Looks cool. Any plans for customization?

  • Categorical summary could show the number of categories.
  • β€œNo datetime columns” seems unnecessary. There are lots of column types that aren’t present.
1 Like

Would it be possible to support StructArrays v0.5? DataSkimmer currently causes some package downgrades - but I like it a lot!

I’d considered it, but I’m not sure what options would be useful, do you have any suggestions?

Thank you for your feedback, I agree with both of the points you made. The β€œNo datetime columns” text was something I added when debugging and forgot to remove.

@Hasnep, thank you for such a nice and extremely useful package.

Just a couple of comments, if you will:

  • for the numerical entries, the number of digits printed could improve a bit further in terms of consistency? (see example below). Maybe a customizable parameter in a future version.
  • The column β€œMissings” might be called β€œMissing”

In case you want to reproduce the above, the excel sheet was downloaded from Microsoft site as per working example below.

using  XLSX, DataFrames
url = "https://download.microsoft.com/download/1/4/E/14EDED28-6C58-4055-A65C-23B4DA81C4DE/Financial%20Sample.xlsx"
download(url, "Sample_data2.xlsx")
df = DataFrame(XLSX.readtable("Sample_data2.xlsx", "Sheet1", infer_eltypes=true)...)

using DataSkimmer
skim(df)

PS: do not know why discourse does not respect the REPL output formatting…

1 Like

It looks like it doesn’t work with NamedTuples of Vectors or Vectors of NamedTupless, the most β€œbare-bones” table types. Would you mind a PR to help implement that?

2 Likes

One can always convert those to a table/df first, and then skim them:

using DataSkimmer, DataFrames
nt = (a=1,b="hello")    # named tuple
df = DataFrame((nt,))
skim(df)

2 Likes

Sure, but the whole point of

is to make these conversions unnecessary.

3 Likes

@oschulz

Would it be possible to support StructArrays v0.5?

@rafael.guerra

for the numerical entries, the number of digits printed could improve a bit further in terms of consistency? (see example below). Maybe a customizable parameter in a future version.

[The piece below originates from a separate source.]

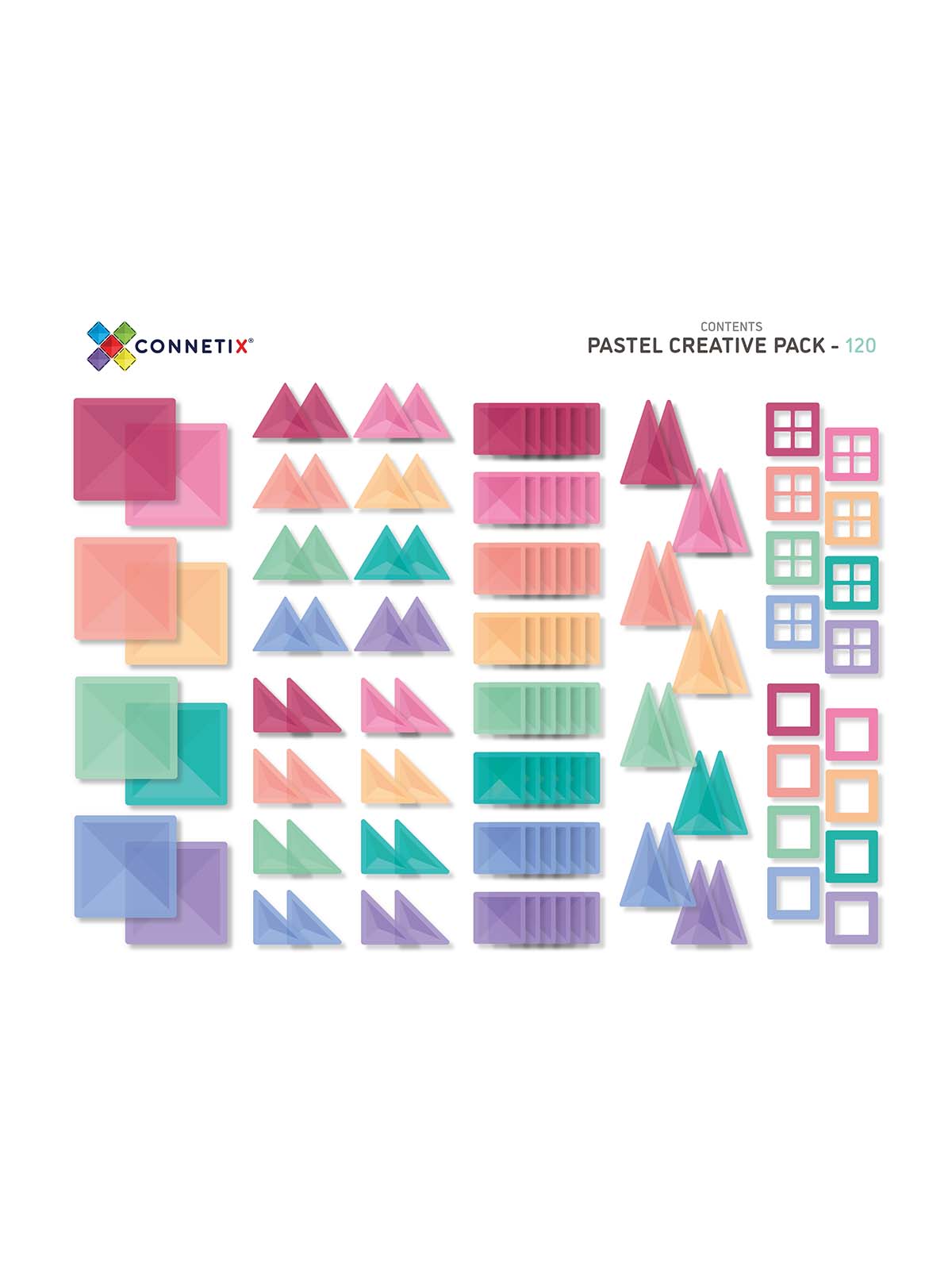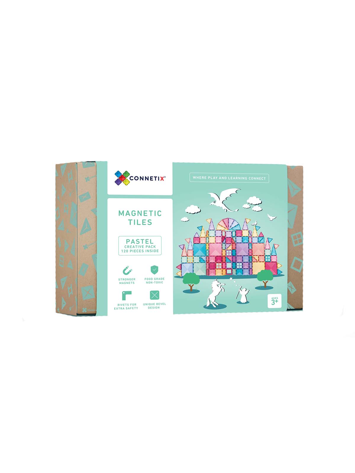 Designed to encourage hours of limitless creativity, fun and learning through PLAY, the Pastel Creative Pack features a variety of shapes in 8 pastel colours. It is a great starter option for family play, building BIGGER Connetix creations and expanding the range of colours your children recognise!

I have released version 0.2.0 which should address both of these. Thanks for your suggestions

@pdeffebach

Would you mind a PR to help implement that?

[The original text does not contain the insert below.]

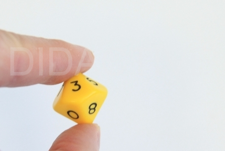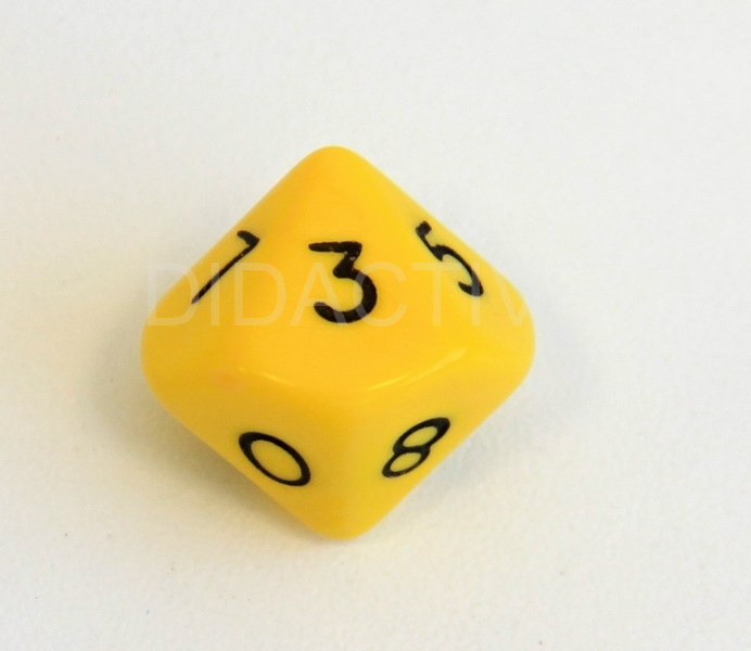 Desetistěnná hrací kostka s čísly 0-9, žlutá 1ks

I’d love a contribution! I started a branch here where I added some unit tests for those cases. You can use that as a starting point for a PR or make your own.

1 Like

@Hasnep, thank you.
In the new version the above numeric data table looks prettier now:

2 Likes

Cool package! TablesSkimmer may be a better name though.

I come from an R background, so I was thinking in terms of dataframes when I named it. That’s a better name, but my impression is that renaming packages in Julia is a bit inconvenient. :confused: